IT Data/Analytics Engineer
The IT Data/Analytics Engineer position requires experience designing, developing, testing and deploying efficient and scalable AI/ML solutions for life sciences data and analytics.
This position requires strong AWS SageMaker AI/ML skills to include supporting tools such as Dask, Athena, AWS Glue, Redshift and EMR, to build data and analytical insights into Company data sets.
Focus on data and analytics supporting Translational Research, Chemistry, Manufacturing and Controls (CMC) to include data collection and analysis tools to aggregate research, clinical, and manufacturing data sets.
Working in development environments to include Python, Pandas, SQL, Jupyter Notebooks, JupyterLab, MongoDB and Posit.
Support data science colleagues in provisioning curated data sets for the creation of data visualization dashboards in Tableau.
The position requires enthusiasm, passion, attention to detail and a desire to create new medicines for Company’s patients.
Liaise with data scientists, data engineers, and cloud solution hosting partners to implement data driven AI/ML solutions for drug discovery analytics and patient cohort development.
Work with large clinical real-world evidence data sets in parquet or JSON formats.
Creation of Python scripts and algorithms to clean, transform and extract data from multiple sources and providing these outputs to the Data Science Team.
Computational requirements gathering and collaboration with Company’s AWS cloud provider on sizing solutions and performance tuning or Notebooks, EC2 and other storage solutions.
Conduct regular code reviews with data engineers and data scientists. Management of GitHub code repositories.
Closely coordinate with the Director of Data Science on the creation and management of agile software sprint planning and release management.
Requirements Description
Education/Training Advanced degree in a quantitative field such as Management Information Systems, Computer Science, Machine Learning or equivalent experience.
Experience 3-5 years of experience designing and building AI solutions
Licenses
Skills/Abilities : Relational and non-relational database experience with the proven ability to model, design, and optimize data structures.

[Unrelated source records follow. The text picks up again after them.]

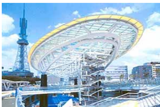
Oasis 21

B : All right. In fact, I went there last Sunday. The symbol of OASIS 21 is a structure called a water spaceship. We can enjoy a harmony of light and water there. Moreover, there are nice restaurants and shops below the spaceship, open until very late. This building is also used as a bus terminal. This place is very popular among young people. OASIS 21 is a modern and multipurpose park, and is worth visiting!
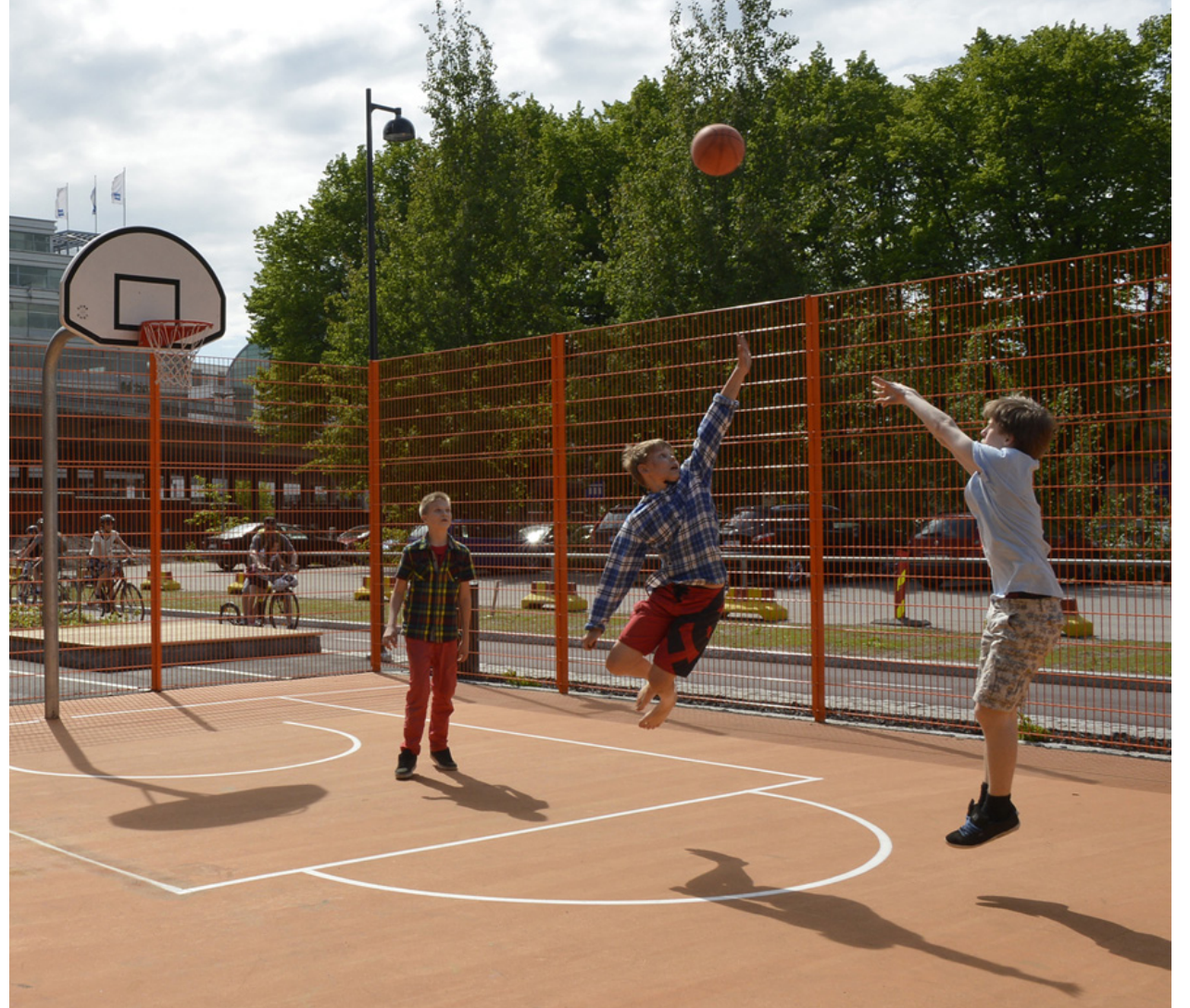
Baana 2013 - situation after
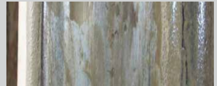
AFTER: During 55 days in service, WheelSaver repaired the tread defect on the R2 wheel.
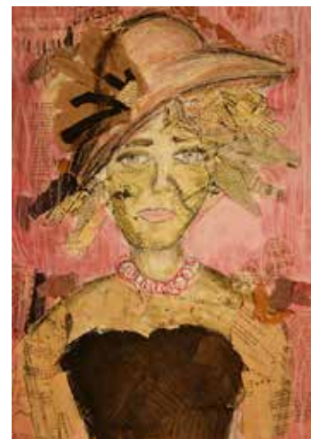
Olta Toska "Vogue"
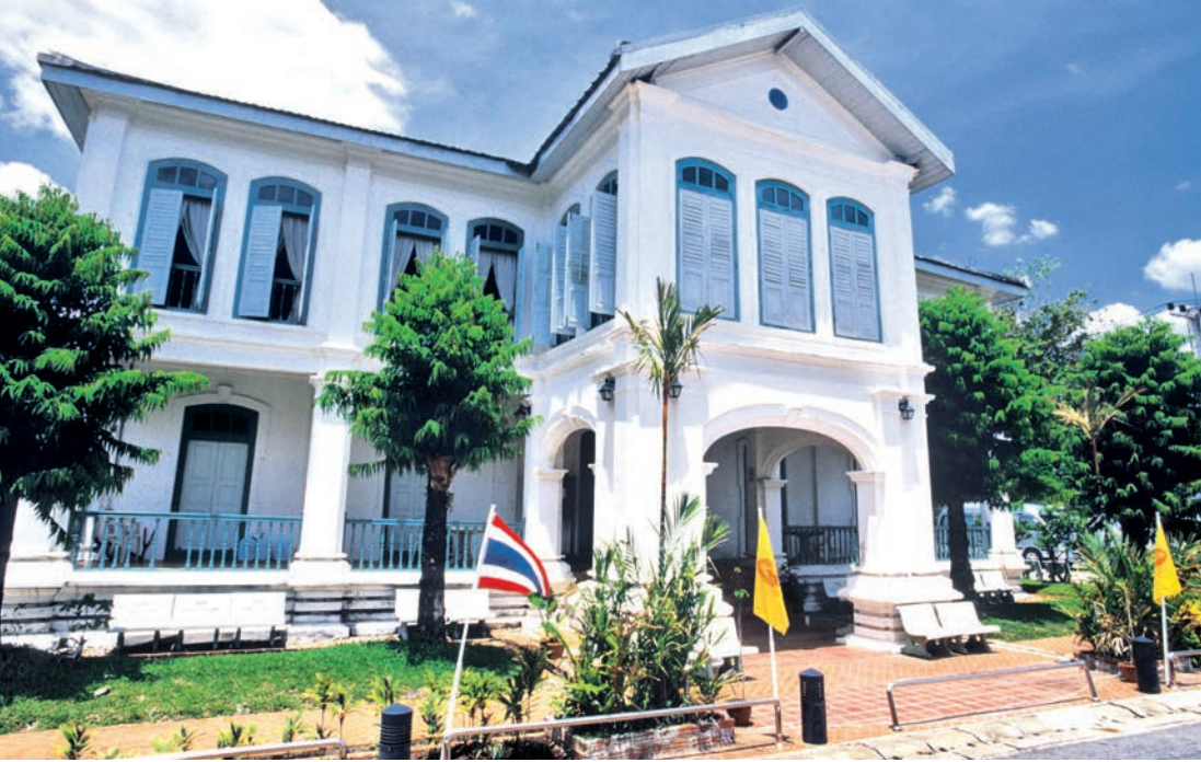
Satun National Museum–Kuden Mansion

residence during a royal visit of King Rama V to the South. However, the king did not stay overnight here. The building was later used as an official residence and as the Satun Town Hall. Until WW II in around 1941, the building was occupied by Japanese soldiers as their command unit. It was also used as the Satun City Hall and other important official places. During 1997–2000, the Fine Arts Department renovated the Kuden Mansion into a western two-storey brick building. Curved doors and windows are in the European architectural style of art. Its Thai-styled hip-roof is covered with Spanish terra cotta roof tiles. Window panels consist of wooden shutters. The top of the pediment is adorned with a star-shaped vent in accordance with Islamic architecture.
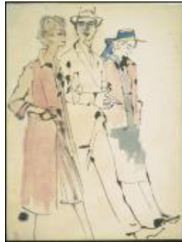
Women's Pink Coat and Jacket Ensembles (KA0038_000027)
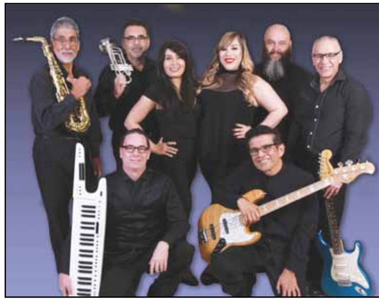
Downey's summer concert series at Furman Park resumes Wednesday with Suave, a 10-piece band that performs everything from jazz, rock, swing, R&B, and of course, Latin music, including cumbia, merengue, salsa, cha-cha and much more.
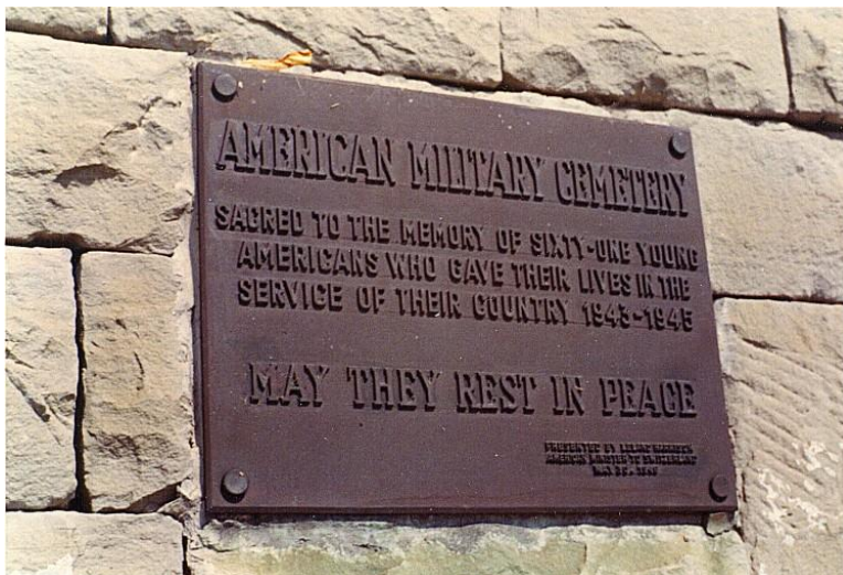
Plaque on the wall of the cemetery today

Expert knowledge of Structured Query Language (SQL) with the proven ability to author and optimize complex queries is required.
High competency using data science tools such as AWS SageMaker AI/ML and Jupyter notebooks.
Experience implementing and using one or more managed data services such as AWS Athena, AWS Glue, Amazon S3, AWS RDS, and Amazon EMR.
Python programming expertise with experience using common data analysis libraries such as Dask, Pandas, Numpy, PySpark, etc, as well as boto3 for AWS integrations.
Experience writing shell scripts (e.g., BASH) to automate processes is desirable but not required. Experience with the AWS CLI is a plus.
Experience with distributed data processing and management systems
Working knowledge of R and Posit IDE’s
Data Governance, Data Modeling, Data Mining experience is desirable.
Experience working with and implementing cloud computing services such as Amazon EC2, AWS Fargate, and AWS Lambda is desirable.
Tableau dash visualizations experience desirable.